▸ **Action item**:
Reproduce all of the data below without alteration; exclude every picture.

▸ **Data shown**:
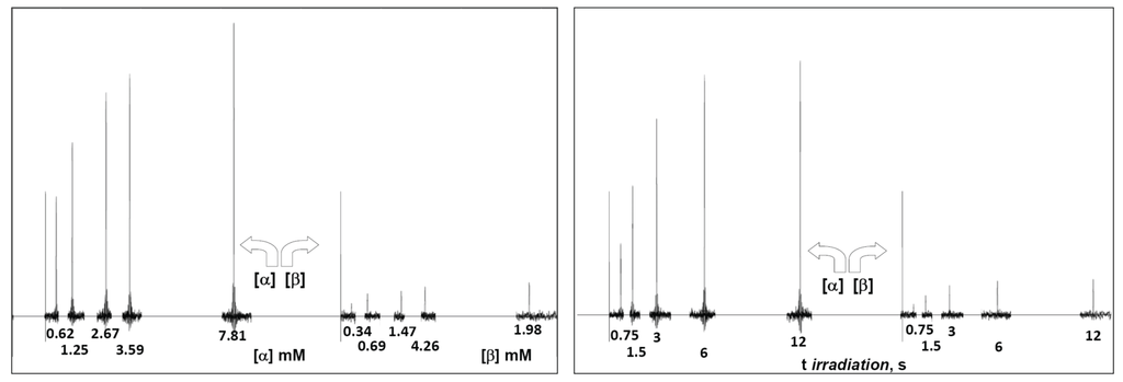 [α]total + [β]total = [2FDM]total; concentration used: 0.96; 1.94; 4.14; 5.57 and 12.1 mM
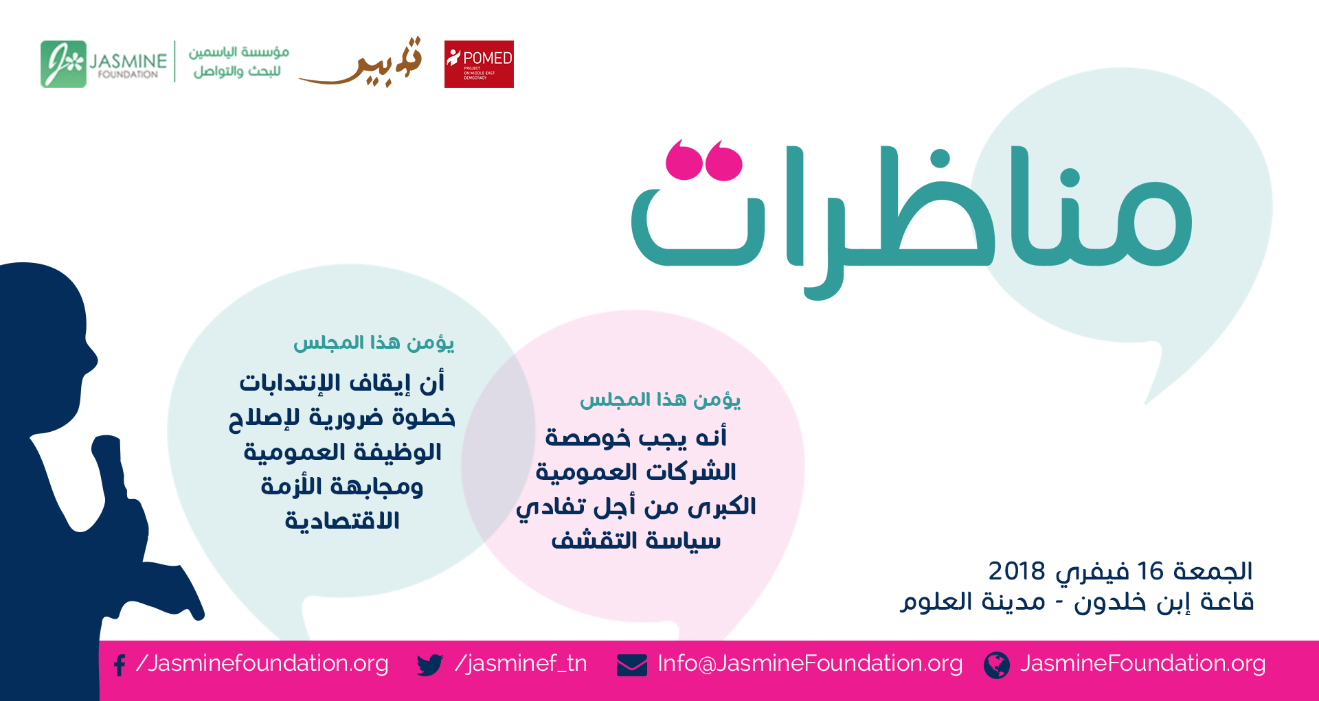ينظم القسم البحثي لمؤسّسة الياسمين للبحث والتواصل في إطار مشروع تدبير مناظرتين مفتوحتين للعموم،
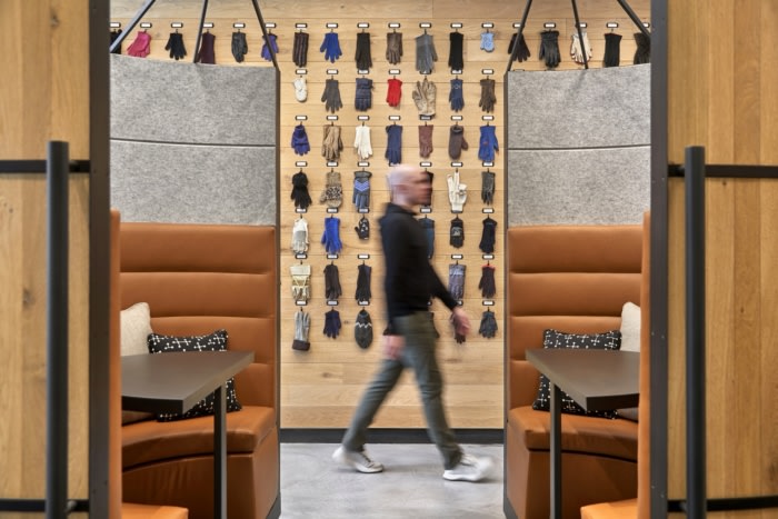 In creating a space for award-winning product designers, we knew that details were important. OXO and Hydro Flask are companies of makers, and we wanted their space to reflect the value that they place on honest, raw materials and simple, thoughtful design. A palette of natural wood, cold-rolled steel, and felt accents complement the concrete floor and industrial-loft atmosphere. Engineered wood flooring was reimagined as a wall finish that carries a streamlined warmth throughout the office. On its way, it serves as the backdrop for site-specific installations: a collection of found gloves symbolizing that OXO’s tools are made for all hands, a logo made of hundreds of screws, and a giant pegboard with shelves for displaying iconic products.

▸ **Written answer**:
 [α]total + [β]total = [2FDM]total; concentration used: 0.96; 1.94; 4.14; 5.57 and 12.1 mM
ينظم القسم البحثي لمؤسّسة الياسمين للبحث والتواصل في إطار مشروع تدبير مناظرتين مفتوحتين للعموم،
 In creating a space for award-winning product designers, we knew that details were important. OXO and Hydro Flask are companies of makers, and we wanted their space to reflect the value that they place on honest, raw materials and simple, thoughtful design. A palette of natural wood, cold-rolled steel, and felt accents complement the concrete floor and industrial-loft atmosphere. Engineered wood flooring was reimagined as a wall finish that carries a streamlined warmth throughout the office. On its way, it serves as the backdrop for site-specific installations: a collection of found gloves symbolizing that OXO’s tools are made for all hands, a logo made of hundreds of screws, and a giant pegboard with shelves for displaying iconic products.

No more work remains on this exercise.